Exercise directions:
The listing, minus its pictures, is to be given again exactly.

Input data:
================================
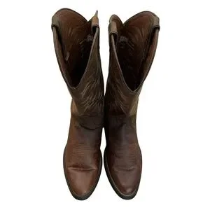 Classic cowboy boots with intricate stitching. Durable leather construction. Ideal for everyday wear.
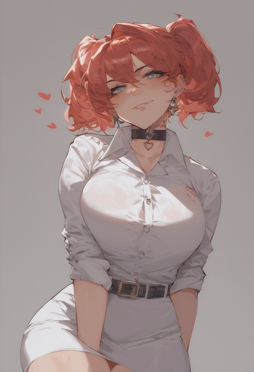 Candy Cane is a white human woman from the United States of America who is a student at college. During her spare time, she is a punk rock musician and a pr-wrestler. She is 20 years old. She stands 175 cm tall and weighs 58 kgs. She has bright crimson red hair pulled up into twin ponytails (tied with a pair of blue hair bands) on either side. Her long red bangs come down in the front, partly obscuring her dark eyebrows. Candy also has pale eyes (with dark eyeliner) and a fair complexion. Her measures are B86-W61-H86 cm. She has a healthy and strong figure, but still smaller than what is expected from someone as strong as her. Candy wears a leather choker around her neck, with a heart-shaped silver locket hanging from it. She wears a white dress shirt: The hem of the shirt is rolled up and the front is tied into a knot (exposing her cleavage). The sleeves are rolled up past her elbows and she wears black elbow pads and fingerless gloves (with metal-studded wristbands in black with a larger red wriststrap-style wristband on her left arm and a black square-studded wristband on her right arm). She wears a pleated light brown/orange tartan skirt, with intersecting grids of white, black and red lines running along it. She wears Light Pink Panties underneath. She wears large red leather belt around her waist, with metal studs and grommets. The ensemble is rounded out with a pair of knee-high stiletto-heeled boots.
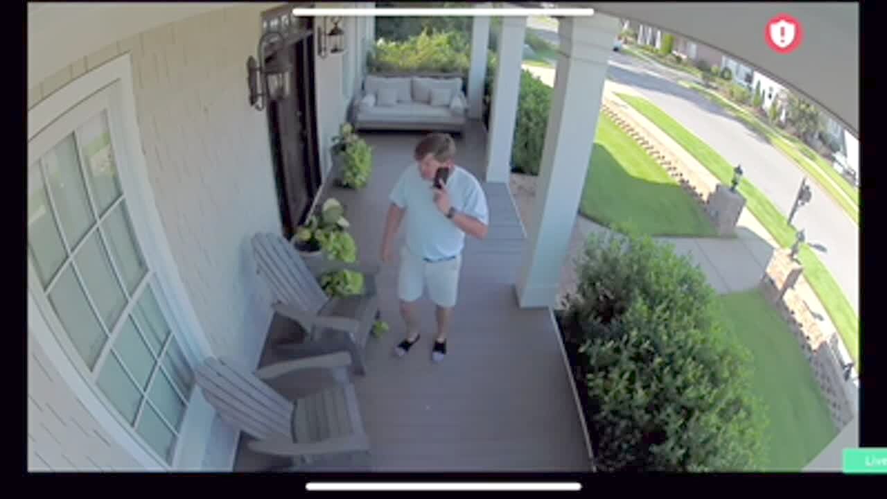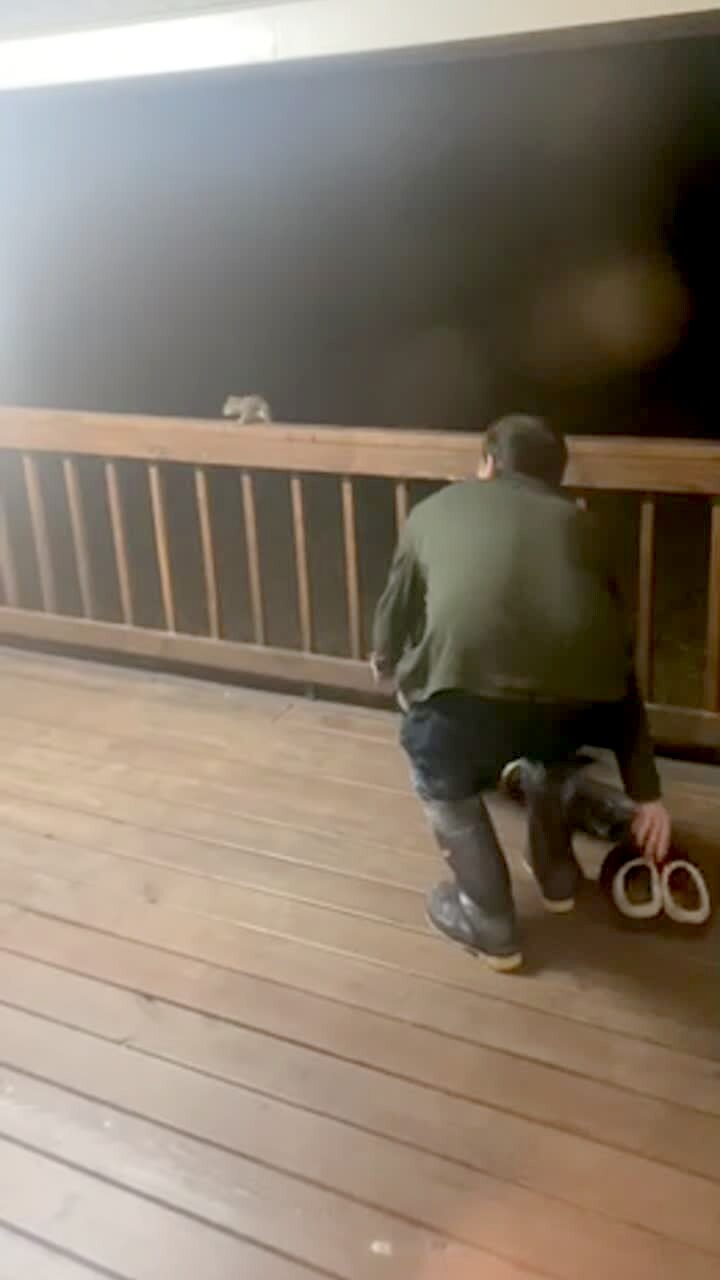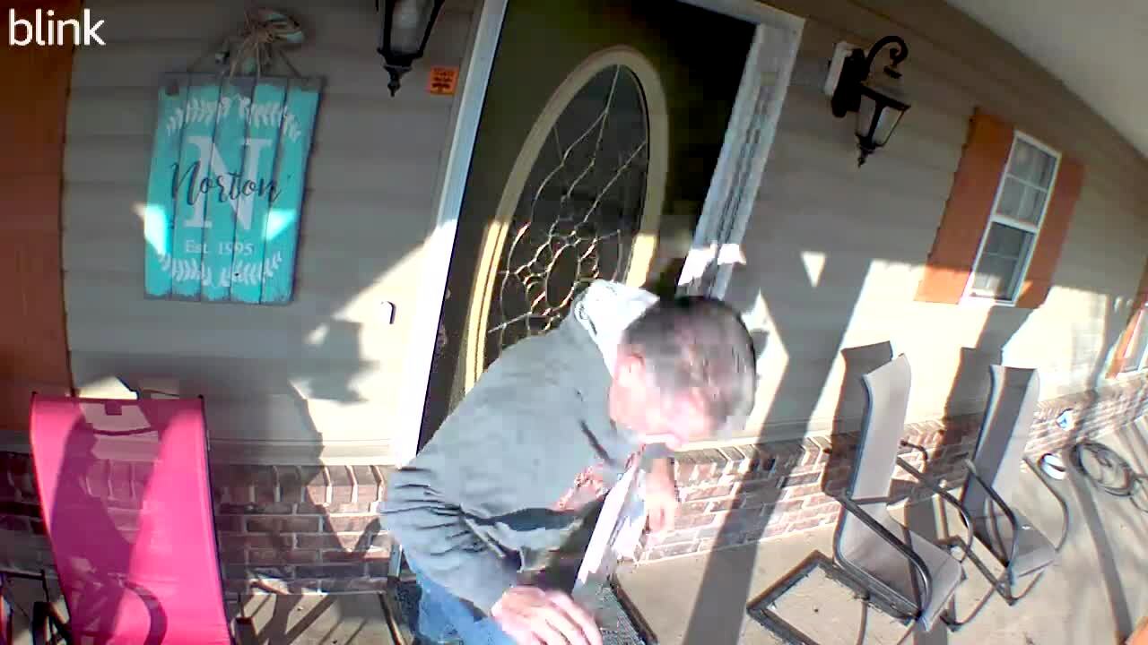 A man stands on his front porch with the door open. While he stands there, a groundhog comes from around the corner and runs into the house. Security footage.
================================
Response for this exercise:
 Classic cowboy boots with intricate stitching. Durable leather construction. Ideal for everyday wear.
 Candy Cane is a white human woman from the United States of America who is a student at college. During her spare time, she is a punk rock musician and a pr-wrestler. She is 20 years old. She stands 175 cm tall and weighs 58 kgs. She has bright crimson red hair pulled up into twin ponytails (tied with a pair of blue hair bands) on either side. Her long red bangs come down in the front, partly obscuring her dark eyebrows. Candy also has pale eyes (with dark eyeliner) and a fair complexion. Her measures are B86-W61-H86 cm. She has a healthy and strong figure, but still smaller than what is expected from someone as strong as her. Candy wears a leather choker around her neck, with a heart-shaped silver locket hanging from it. She wears a white dress shirt: The hem of the shirt is rolled up and the front is tied into a knot (exposing her cleavage). The sleeves are rolled up past her elbows and she wears black elbow pads and fingerless gloves (with metal-studded wristbands in black with a larger red wriststrap-style wristband on her left arm and a black square-studded wristband on her right arm). She wears a pleated light brown/orange tartan skirt, with intersecting grids of white, black and red lines running along it. She wears Light Pink Panties underneath. She wears large red leather belt around her waist, with metal studs and grommets. The ensemble is rounded out with a pair of knee-high stiletto-heeled boots.
 A man stands on his front porch with the door open. While he stands there, a groundhog comes from around the corner and runs into the house. Security footage.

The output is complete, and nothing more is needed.